(Stored records)

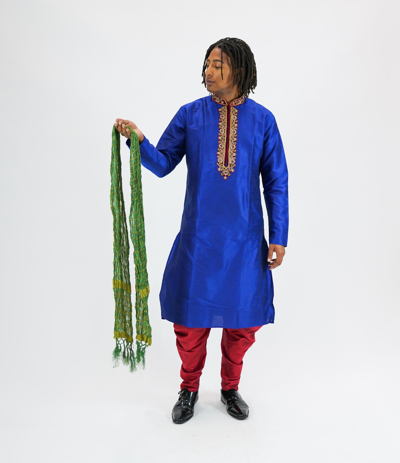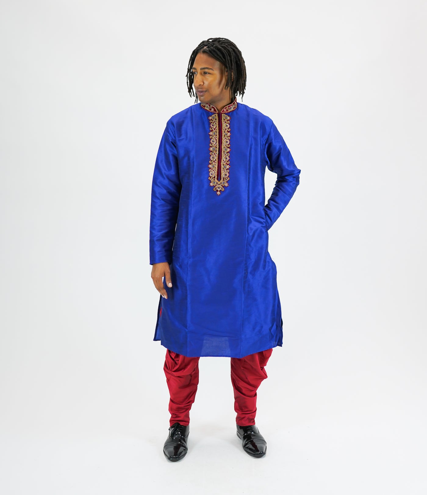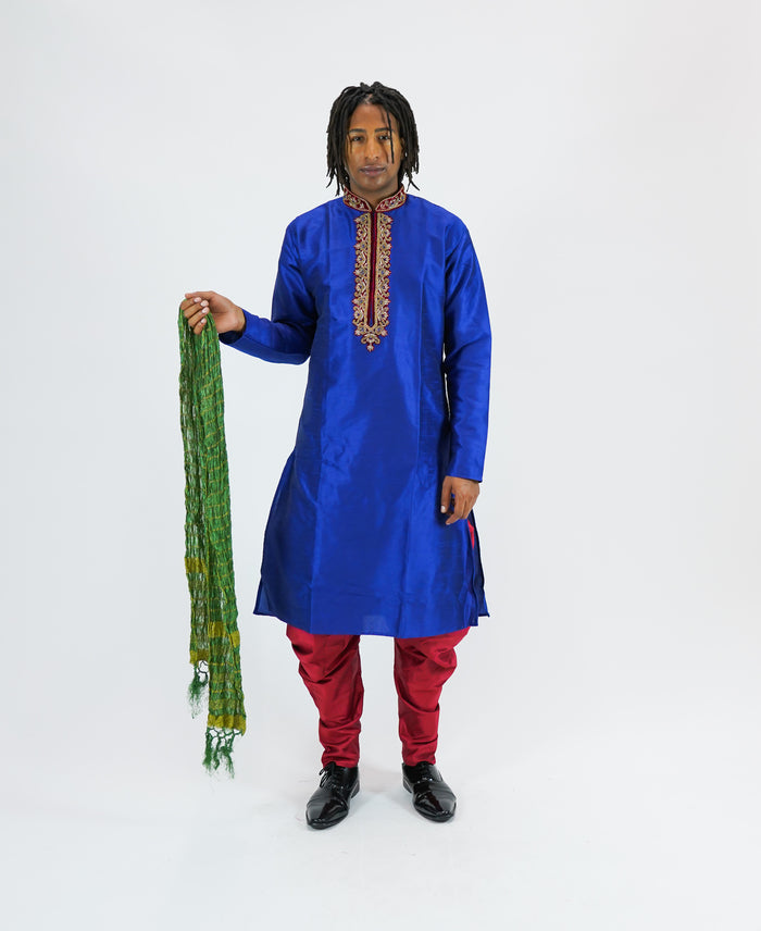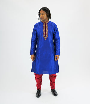 • Handmade Silk Embroidered Ultra Marine Blue Men's Kurta
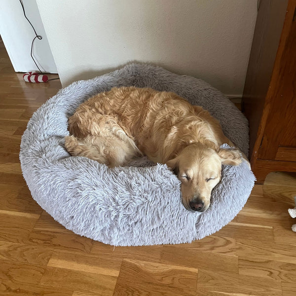 Suosittelemme mittaamaan koirasi pituuden kuonosta hännän tyveen saakka ja valitsemaan pedin, joka on tätä 20 cm pidempi. Jos koirasi on esimerkiksi 75 cm pitkä, kannattaa sinun ostaa XL-kokoinen CalmBed, jonka halkaisija on 100 cm.
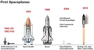 The Space Shuttle orbiter ranks second among the world's first spaceplanes, preceded only by the North American X-15 and followed by the Buran, SpaceShipOne, and the Boeing X-37.
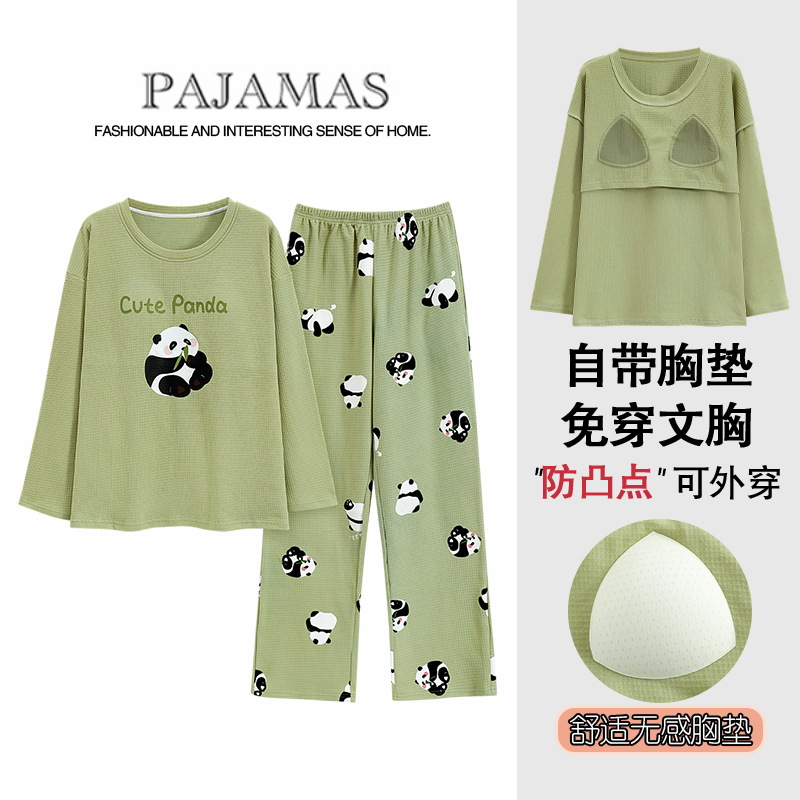 パジャマ女性春秋純綿長袖胸パッド付きかわいい漫画丸襟女性秋は家庭服セットを着ることができる
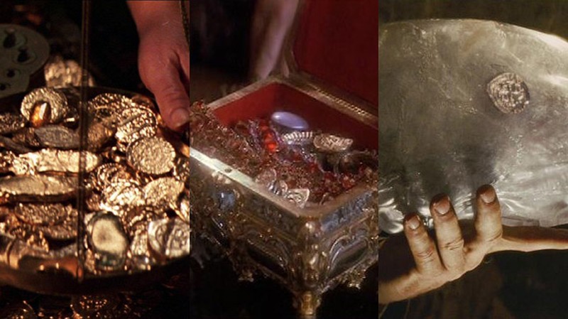 Вы обращали внимание на старинные золотые монеты, словно бы путешествующие из фильма в фильм? «Балбесы», «Капитан Крюк», «Индиана Джонс и Королевство хрустального черепа» — далеко не полный список картин, где их можно увидеть. Все верно: одна и та же груда бутафорских драгоценностей эксплуатируется Голливудом уже не первое десятилетие. И, в общем-то, удивляться нечему, ведь в реальной жизни деньги тоже постоянно переходят из рук в руки. Голливудские бутафорские монеты — тот самый случай, когда слова «сэкономить деньги» используются в самом что ни на есть буквальном смысле.

**TASK DESCRIPTION:** Your job is to transcribe the records exactly and in full. Pictures are not part of the copy.

**PROBLEM SOLUTION:**
 • Handmade Silk Embroidered Ultra Marine Blue Men's Kurta
 Suosittelemme mittaamaan koirasi pituuden kuonosta hännän tyveen saakka ja valitsemaan pedin, joka on tätä 20 cm pidempi. Jos koirasi on esimerkiksi 75 cm pitkä, kannattaa sinun ostaa XL-kokoinen CalmBed, jonka halkaisija on 100 cm.
 The Space Shuttle orbiter ranks second among the world's first spaceplanes, preceded only by the North American X-15 and followed by the Buran, SpaceShipOne, and the Boeing X-37.
 パジャマ女性春秋純綿長袖胸パッド付きかわいい漫画丸襟女性秋は家庭服セットを着ることができる
 Вы обращали внимание на старинные золотые монеты, словно бы путешествующие из фильма в фильм? «Балбесы», «Капитан Крюк», «Индиана Джонс и Королевство хрустального черепа» — далеко не полный список картин, где их можно увидеть. Все верно: одна и та же груда бутафорских драгоценностей эксплуатируется Голливудом уже не первое десятилетие. И, в общем-то, удивляться нечему, ведь в реальной жизни деньги тоже постоянно переходят из рук в руки. Голливудские бутафорские монеты — тот самый случай, когда слова «сэкономить деньги» используются в самом что ни на есть буквальном смысле.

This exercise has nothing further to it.